A possibilidade de utilização do seguro garantia na Justiça do Trabalho

Bianca Dias de Andrade *

Durante o período de pandemia decorrente da covid-19, na justiça do trabalho, utilizar o seguro garantia, modalidade que visa assegurar débitos judiciais, tem sido uma alternativa importante para possibilitar às empresas a apresentação de recursos na execução de débitos trabalhistas. Porém, muitos empresários ainda têm dúvidas sobre como se valer desse benefício.

A regulamentação do seguro garantia ocorreu pelo Ato CSJT.GP.SG nº 1/2019 do Tribunal Superior do Trabalho (TST), que se posicionou permitindo e definindo as condições para utilização.

Na justiça do trabalho, para que a empresa possa recorrer, é necessário que haja o depósito recursal, ou seja, o empregador precisa depositar um valor no processo judicial, sendo que a partir de agosto de 2020 terá o valor máximo de R$ 10.059,15 para Recurso Ordinário e R$ 20.118,30 para Recurso de Revista. A diferença entre essas duas modalidades é que o primeiro, como regra, refere-se ao recurso contra a sentença, sendo julgado pelos Tribunais Regionais do Trabalho. Já o segundo, em regra, trata-se de recurso contra a decisão dos Tribunais Regionais, sendo que, neste caso, o julgamento acontece pelo Tribunal Superior do Trabalho (TST). Se o recorrente opta em contratar o seguro garantia poderá utilizar a apólice em substituição ao depósito recursal exigido.

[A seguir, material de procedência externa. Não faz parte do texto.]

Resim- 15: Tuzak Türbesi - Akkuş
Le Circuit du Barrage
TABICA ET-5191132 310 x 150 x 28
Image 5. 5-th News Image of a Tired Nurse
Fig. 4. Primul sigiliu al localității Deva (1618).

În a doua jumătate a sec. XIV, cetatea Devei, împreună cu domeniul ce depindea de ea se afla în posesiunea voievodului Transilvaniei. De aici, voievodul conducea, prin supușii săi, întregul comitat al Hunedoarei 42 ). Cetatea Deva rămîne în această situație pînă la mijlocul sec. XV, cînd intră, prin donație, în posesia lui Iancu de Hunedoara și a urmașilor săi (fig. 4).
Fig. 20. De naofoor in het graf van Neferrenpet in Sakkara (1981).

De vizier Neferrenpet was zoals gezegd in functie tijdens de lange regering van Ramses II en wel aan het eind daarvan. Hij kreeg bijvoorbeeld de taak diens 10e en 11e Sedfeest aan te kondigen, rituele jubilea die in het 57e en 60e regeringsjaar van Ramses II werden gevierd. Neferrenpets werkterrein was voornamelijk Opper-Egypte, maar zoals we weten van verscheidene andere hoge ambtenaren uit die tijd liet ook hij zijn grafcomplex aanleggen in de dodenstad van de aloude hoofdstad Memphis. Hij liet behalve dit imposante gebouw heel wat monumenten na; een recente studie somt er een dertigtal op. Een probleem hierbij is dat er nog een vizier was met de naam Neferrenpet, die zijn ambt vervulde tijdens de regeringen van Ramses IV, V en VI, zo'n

Nessa hipótese, o valor segurado inicial deverá ser igual ao montante da condenação, acrescido de, no mínimo, 30%, observados os limites estabelecidos pela Lei 8.177 e pela Instrução Normativa 3 do TST, que estabelecem um teto máximo para os depósitos.

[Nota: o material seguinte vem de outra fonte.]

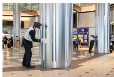
↑ 前回「第15回東京エキマチ キラピカ作戦」実施の様子

Além disso, o seguro também pode ser utilizado para garantir as execuções trabalhistas judiciais, ou seja, quando o processo judicial está na fase de pagamento. Nesta hipótese, o valor segurado deverá ser igual ao montante original do débito executado com os encargos e os acréscimos legais, acrescido de, no mínimo, 30%.

É necessário se atentar para algumas regras previstas na regulamentação do TST, tais como a obrigatoriedade do contrato de seguro garantia conter a previsão de atualização da indenização pelos índices legais aplicáveis aos débitos trabalhistas e à manutenção da vigência do seguro, sendo o prazo mínimo de três anos, com renovação automática, enquanto durar o processo.

Do mesmo modo, no contrato também não poderá ter previsão de desobrigação decorrente de atos de responsabilidade exclusiva do tomador e/ou da seguradora ou que permita sua rescisão, ainda que de forma bilateral.

Importante ressaltar que, se a empresa já realizou algum depósito recursal ou garantia da execução em dinheiro, o entendimento majoritário tem sido que ela não poderá solicitar o resgate do valor e a substituição pelo seguro, o que consta também expressamente na regulamentação do TST. Assim, a quantia somente poderia ser utilizada durante o prazo para recurso e não para requerimento de resgate do valor. Na fase de execução, somente poderá ser utilizado antes de pagamentos ou constrições, salvo quando se tratar de complementação à eventual penhora ou depósito.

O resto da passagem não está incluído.